Supplied information
--

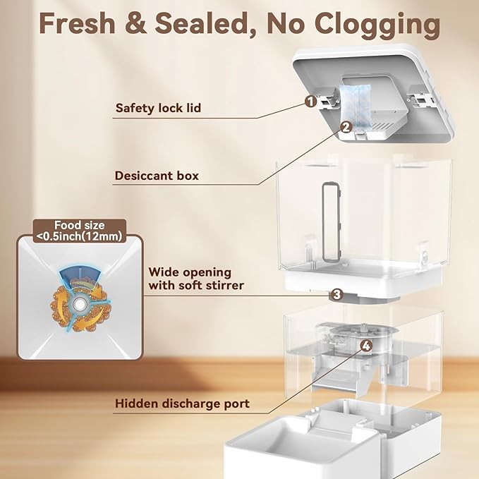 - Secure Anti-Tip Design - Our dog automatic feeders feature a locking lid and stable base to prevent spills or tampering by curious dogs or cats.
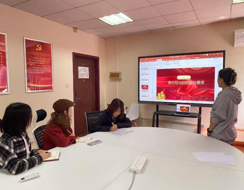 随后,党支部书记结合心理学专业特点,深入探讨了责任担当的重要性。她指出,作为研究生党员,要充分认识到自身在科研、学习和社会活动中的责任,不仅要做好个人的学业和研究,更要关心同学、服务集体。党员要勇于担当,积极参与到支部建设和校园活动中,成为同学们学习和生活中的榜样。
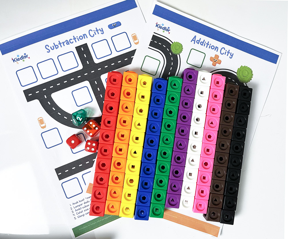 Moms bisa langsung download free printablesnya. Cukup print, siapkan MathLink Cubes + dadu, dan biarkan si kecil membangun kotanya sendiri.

--

Exercise goal
Would you give the data above again word for word, skipping any images?

Solution to this task
 - Secure Anti-Tip Design - Our dog automatic feeders feature a locking lid and stable base to prevent spills or tampering by curious dogs or cats.
 随后,党支部书记结合心理学专业特点,深入探讨了责任担当的重要性。她指出,作为研究生党员,要充分认识到自身在科研、学习和社会活动中的责任,不仅要做好个人的学业和研究,更要关心同学、服务集体。党员要勇于担当,积极参与到支部建设和校园活动中,成为同学们学习和生活中的榜样。
 Moms bisa langsung download free printablesnya. Cukup print, siapkan MathLink Cubes + dadu, dan biarkan si kecil membangun kotanya sendiri.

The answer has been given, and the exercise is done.